Right after he scored his milestone ton, one colleague of this scribe asked him, “Don’t you think he’ll play for another five years?” Now take that for a question. And in certain ways, the question itself was an answer. A manifestation of their belief in the man, that stood just 5-foot 5-inches above the ground, yet towering above most of his contemporaries.
For one thing, Sachin Tendulkar would stand above all, that is for gathering the most number of fans across the globe, just the way we see him gathering runs in his pomp.
This scribe, among many of his generation, is one such self-declared a fan of his. The generation that took to adulthood in 1990s – which also included some Nepali cricketers who played in recent times – watched him take his first steps in international scene. The whole generation read as many pieces written on him as possible. For some, it was statistics; for some food for thought; for some a way of learning cricket; while for some, one more topic to talk at the tea stalls. And that would either precede or proceed with the highlights of his innings on TV, which for many of us, were always a ‘masterpiece’. The magazines like ‘The Sportstar’ were the new bible, but any issue that did not carry a story on him was ‘a piece of trash’ and not worth buying.
Growing up in 1990s was not easy.
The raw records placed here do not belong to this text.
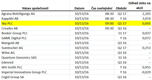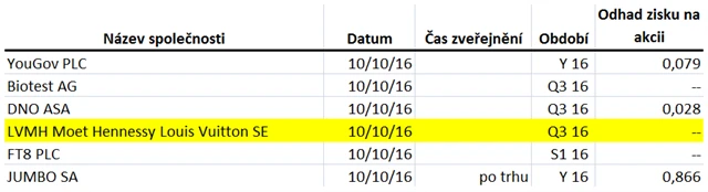Poznámka: Odhady analytiků jsou aktuální k 7. 10. 2016.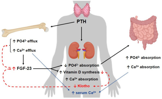 Klotho/FGF and PTH axis in CKD. In kidneys, parathyroid hormone (PTH) leads to an increase in calcium (Ca2+) absorption and Vitamin D synthesis, whereas it diminishes phosphorus absorption. On the other hand, PTH stimulates both phosphorus and calcium efflux in bones. In turn, PTH-stimulated Vitamin D production increases the gastrointestinal reabsorption of these minerals. As a result, both gastrointestinal calcium reabsorption and its efflux from bones contribute to a rise in calcium excretion. Phosphorus (PO42−) is also eliminated as a consequence. In chronic kidney disease (CKD) (red dotted line), there is a reduction in Klotho expression, alongside a decrease in Vitamin D levels and an increase in fibroblast growth factor (FGF-)23 levels. It is important to mention that the decrease of Vitamin D is related to the decrease of Klotho in the kidneys, which then leads to a rise in FGF-23 levels in the bones. As a consequence, this hormone diminishes Vitamin D production. As a result of this axis dysregulation, the inhibition of PTH synthesis promoted by these components is lost, which leads to a rise in the levels of this hormone, which also contributes to the elevation of these molecules. Secondary hyperparathyroidism associated with CKD might be a result of the described imbalance in this axis for CKD patients.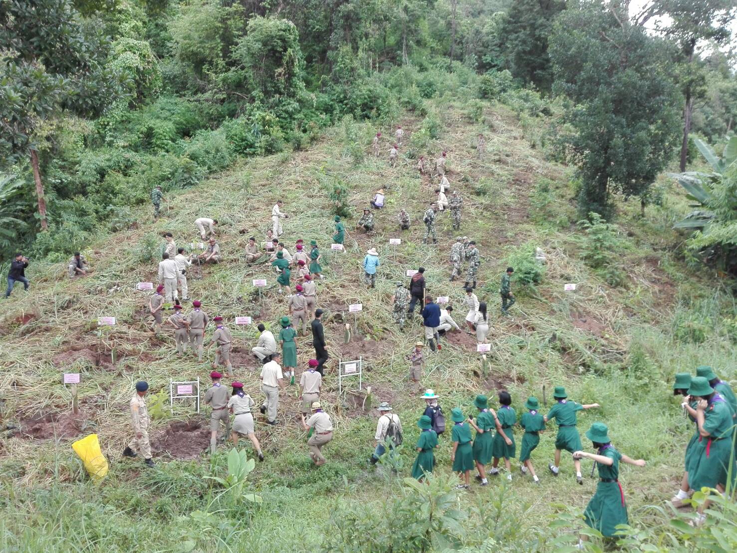 วันที่ 27 กรกฎาคม 2560. เวลา. 09.00 น. หน่วยฯ พล.4 (ป่าแดง) หน่วยฯ พล.3(หนองกระท้าว) หน่วยฯ พล.12(แก่งบัวคำ) หน่วยฯพล.14(น้ำคลาด) ร่วมกับ อำเภอชาติตระการ เขตรักษาพันธ์ุสัตว์ป่าภูเมี่ยง-ภูทอง กองทัพภาคที่ 3 กองพันทหารช่างที่ 302 สถานีตำรวจภูธรชาติตระการ กองร้อยตำรวจตระเวนชายแดนที่ 315 องค์การปกครองส่วนท้องถิ่น นักเรียน นักศึกษาและประชาชนในพื้นที่ ร่วมกันปลูกป่า. ” โครงการรวมใจปลูกป่า เพื่อเฉลิมพระเกียรติสมเด็จพระเจ้าอยู่หัวมหาวชิราลงกรณ บดินทรเทพยวรางกูร เนื่องในโอกาส วันเฉลิมพระชนมพรรษา 65 พรรษา 28 กรกฎาคม 2560 ในเขตป่าสงวนแห่งชาติป่าน้ำภาคน้อย ท้องที่บ้านนาเปอะ หมู่ที่ 2 ตำบลชาติตระการ อำเภอชาติตระการ เนื้อที่จำนวน 15-2-80 ไร่ โดยมีนายพยุง. คุ้มสุพรรณ นายอำเภอชาติตระการ เป็นประธานในพิธี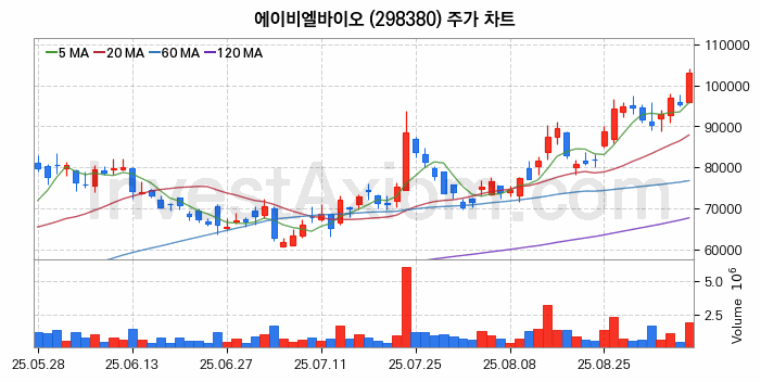 에이비엘바이오 주가 전망 분석, 주식 차트 분석과 기간 수익률 및 주가 변동성 분석 (25년09월05일)
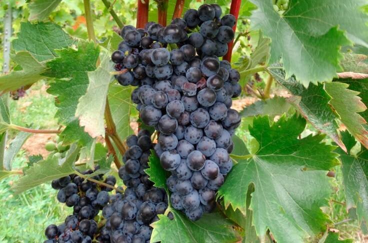 - Description : port retombant, très vigoureux , produisant des grappes moyennes à grandes, ramifiées, généralement coniques, avec des baies moyennes de grosseur irrégulière, une peau de couleur noir bleuté recouverte d'une pruine abondante non persistante. Maturité de première époque moyenne.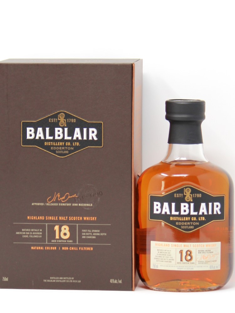 Balblair 18 Year Old is the third whisky in the Balblair Collection and has been matured in ex-bourbon casks before being finished in first-fill Spanish oak butts. The result is a charismatic single malt with a rich toffee and pear aroma, with a hint of warm spices and leather. The palate offers notes of ripe apricots and raisins balanced by toasted oak and vanilla custard, before a long, warming finish filled with hints of cinnamon and nutmeg.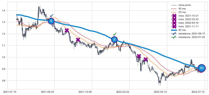 下跌趋势2021-07-15-2022-07-12,均线90确认关键阻力2处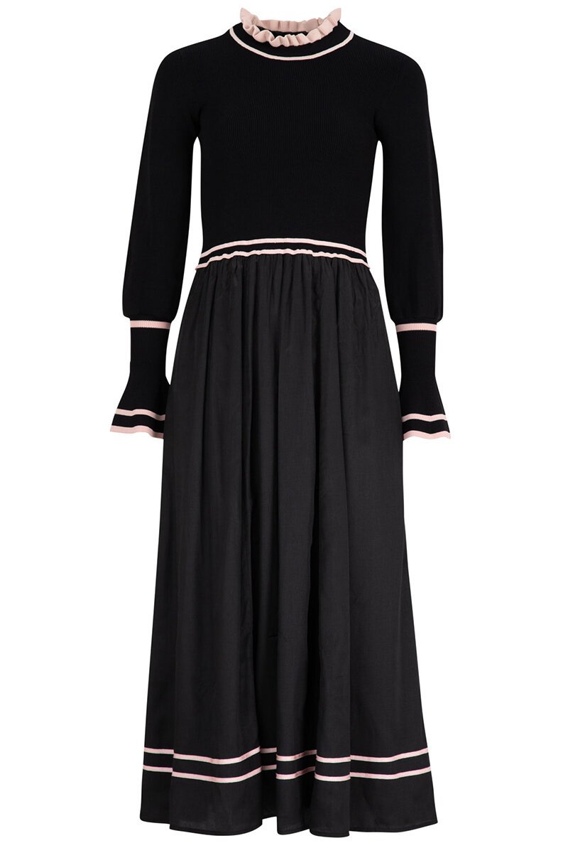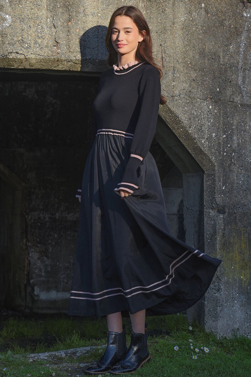 The Coop High Expectations Dress blends soft knit comfort with feminine detailing. A fitted ribbed knit bodice meets a full gathered skirt, finished with delicate contrast trims and a frilled neckline for a polished look that moves beautifully from day to evening.

Nepal was an infant democracy, trying to learn how to walk the democratic path. The panchayat era influence on Nepali sports was there, although weakening; the newer controllers were trying to learn how to rein it in; the free market economic policy was the buzzword, although the younger lot were still to grab the concept; the insurgency was just flaring up in some remote part of the country; prices were going up and pocket money was not able to match with those; the curriculum wasn’t getting easier and the career path appeared limited; the IT revolution had started in our neighbourhood and we were not part of it – all enough to keep teenagers frustrated.
But then there was Sachin Tendulkar. In some of the most ferocious strokeplay we’d ever watched, we found peace. With a young boy looks (then he was young as well), and a heavy willow in his hands, he was trying to prove that there was hope, amidst frustration. The mortals suddenly appeared elevated, for there was some heavenly charm in those innings. The 90s had become bearable, despite frustrations it held for so many of us.
Come 2000s, we felt – journalists can be cruel people, especially with their questions. They talked about his decline. They asked him – When would you retire? And as most players, who spend a lot of time with PR coaches these days, he’d skirt away without an answer.
The fans looked sideways to find an actual answer. When there’s a lull in any player’s career, how do we know that he or she will not overcome the slump? Although journalists are quick to write a player off, fans are not.
And celebration of Tendulkar’s innings is vindication of fan’s faith in him. For they knew, it would come. It had to, even if it meant 7 centuries within a year.
And that’s a toast to Sachin Tendulkar, probably the greatest modern day cricketer, who could hold on to his fans, even when he could not do so, at times, with runs.